Exercise description: Write out only the lines from the start of the entries up to and including the line with "Мягкая книжка-малышка EVA"; please skip the pictures.

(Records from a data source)
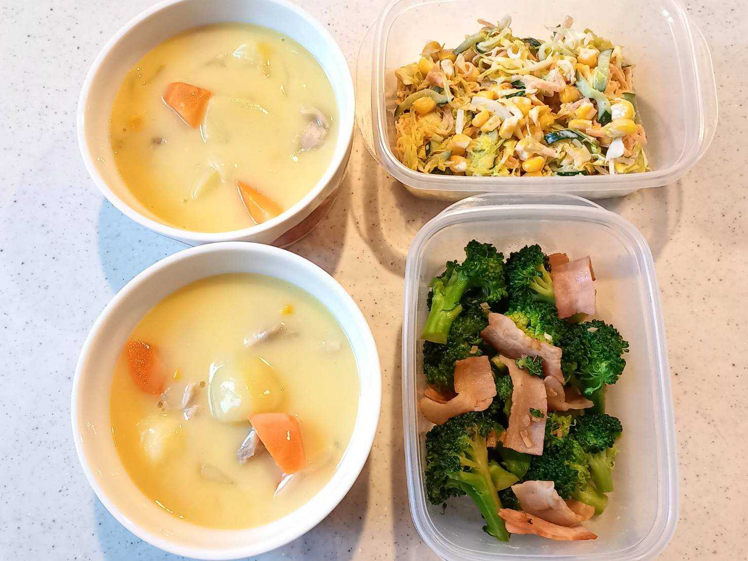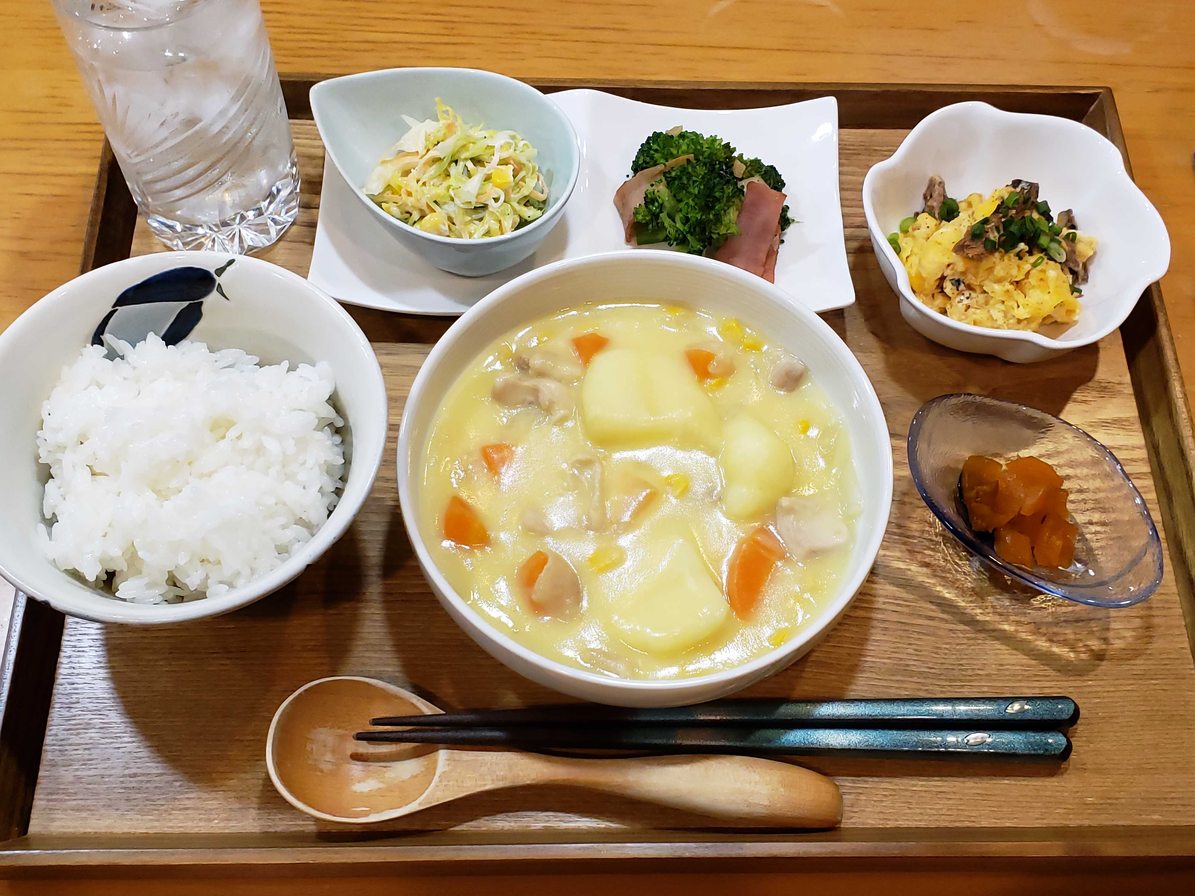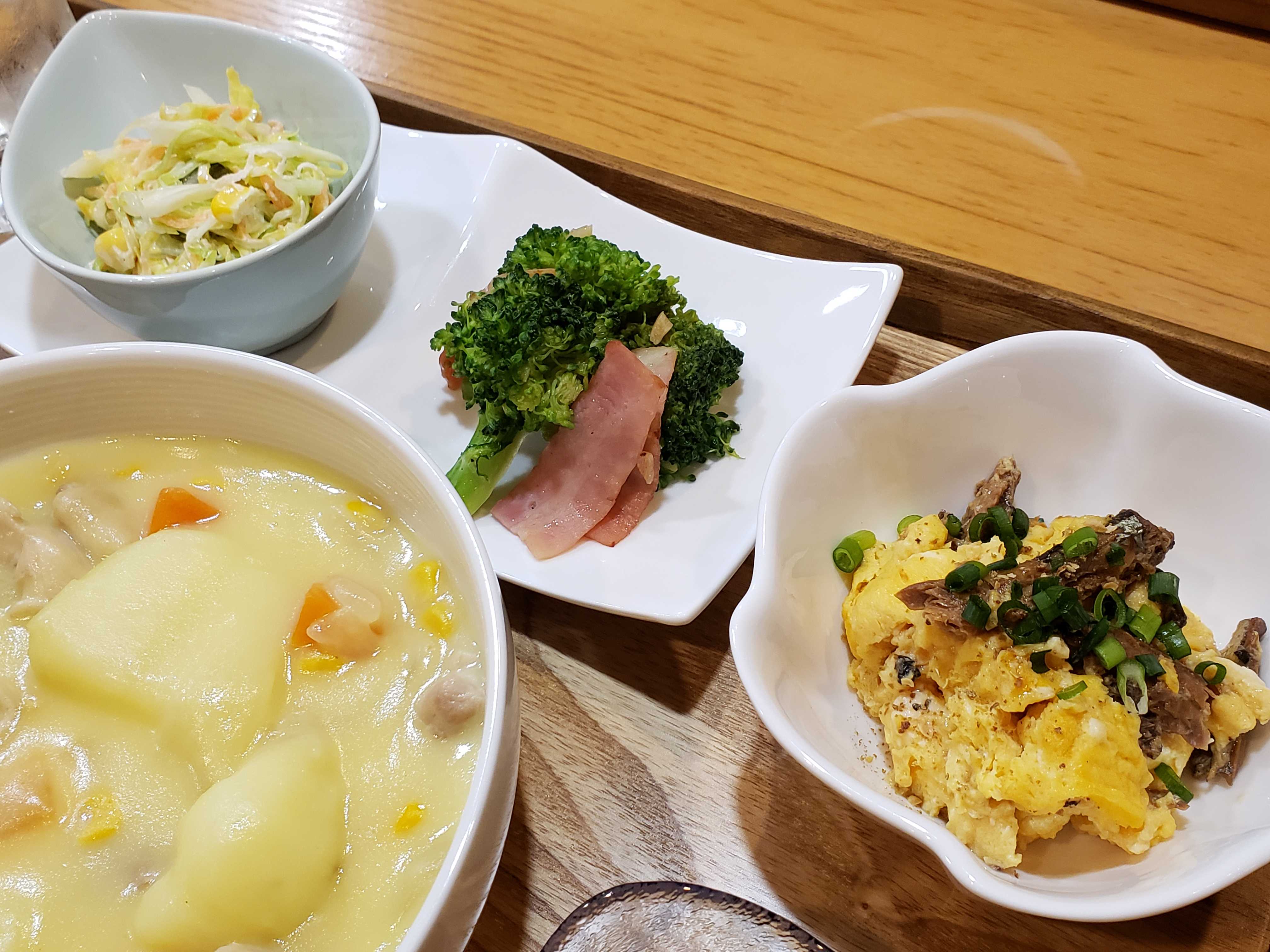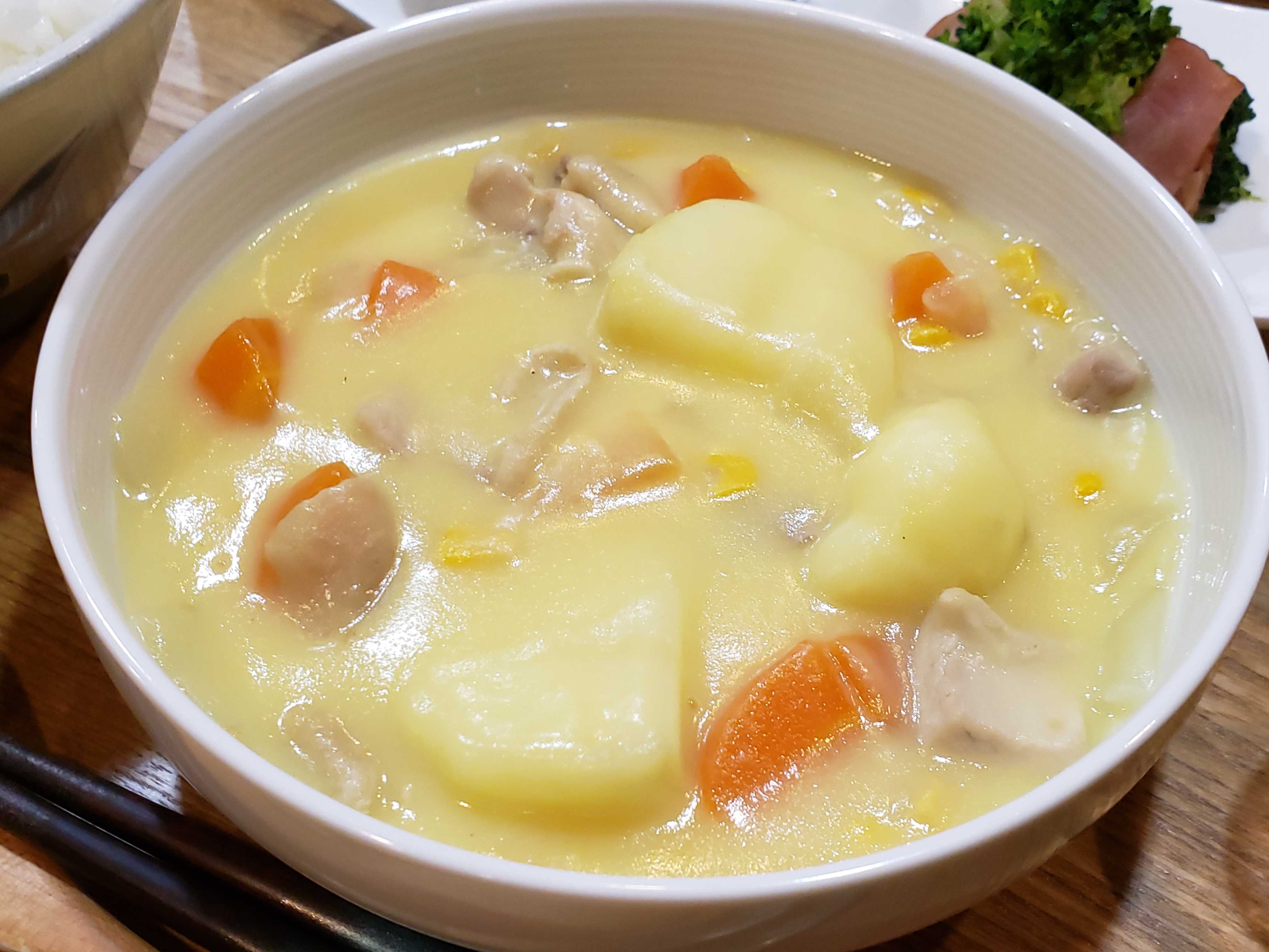 コーンクリームシチューは市販のルーの半分を使用、お袋さん所と半分こでちょうどでした。
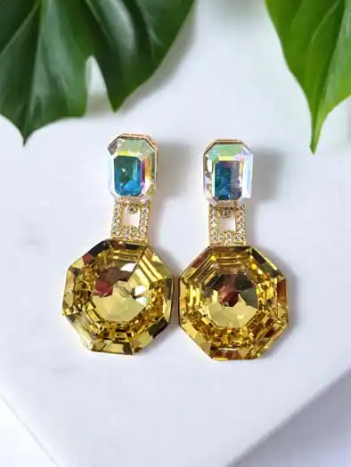 - Swarovski Drop Earrings- Drop earrings are a visual symphony. They dangle, they sparkle, they dramatize. Yashti's collection embodies this in the guise of the Teardrop Dangle Swarovski Earrings and Deep Color Hexagon Swarovski Drop Earrings. Ideal for evening dates, wedding parties, or cocktail parties, these earrings are anything but run-of-the-mill. The classic drop shape stretches the neck, introducing sophistication and mystery. Each pair is like a crescendo, a crescendo of glamour giving way to subtle sparkle.
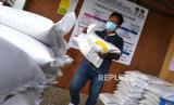 Petugas memindahkan bantuan beras di Kalurahan Umbulharjo, Sleman, Yogyakarta, Kamis (12/8). Sebanyak 266 beras untuk kompensasi PPKM Darurat disalurkan ke warga penerima manfaat di Umbulharjo. Pengambilan bantuan beras 10 kilogram warga hanya membawa KTP dan kartu keluarga. (FOTO : Wihdan Hidayat / Republika)
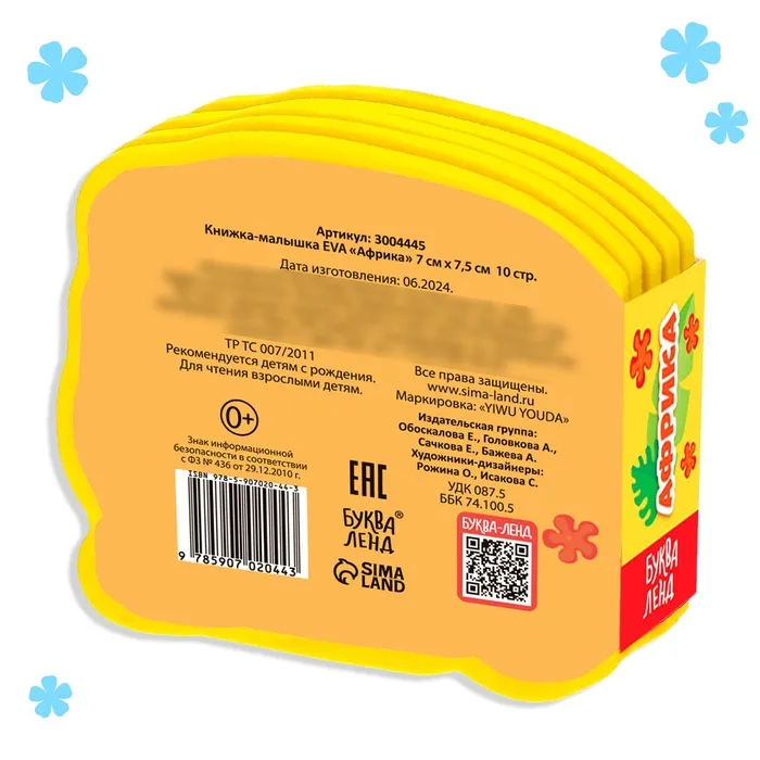 Мягкая книжка-малышка EVA «Африка», 10 стр. — Характеристики
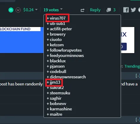 스팀잇에서보면 위의 화면처럼 나오지만 @jjm13의 경우 스팀잇에서는 보팅기여가 거의 없기 때문에 사실상 @virus707만 봇으로 보팅한것과 같습니다. 이 포스팅도 sct와 무관한 포스팅이었기때문에 적절한 예라고 생각합니다.
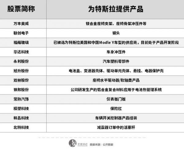 比如近期福耀玻璃表示,已被选择为特斯拉美国和中国Model Y车型的供应商。万丰奥威子公司已取得特斯拉Model Y供应商订单,为其供应镁合金座椅支架、座椅骨架冲压件等产品服务。

Reply:
 コーンクリームシチューは市販のルーの半分を使用、お袋さん所と半分こでちょうどでした。
 - Swarovski Drop Earrings- Drop earrings are a visual symphony. They dangle, they sparkle, they dramatize. Yashti's collection embodies this in the guise of the Teardrop Dangle Swarovski Earrings and Deep Color Hexagon Swarovski Drop Earrings. Ideal for evening dates, wedding parties, or cocktail parties, these earrings are anything but run-of-the-mill. The classic drop shape stretches the neck, introducing sophistication and mystery. Each pair is like a crescendo, a crescendo of glamour giving way to subtle sparkle.
 Petugas memindahkan bantuan beras di Kalurahan Umbulharjo, Sleman, Yogyakarta, Kamis (12/8). Sebanyak 266 beras untuk kompensasi PPKM Darurat disalurkan ke warga penerima manfaat di Umbulharjo. Pengambilan bantuan beras 10 kilogram warga hanya membawa KTP dan kartu keluarga. (FOTO : Wihdan Hidayat / Republika)
 Мягкая книжка-малышка EVA «Африка», 10 стр. — Характеристики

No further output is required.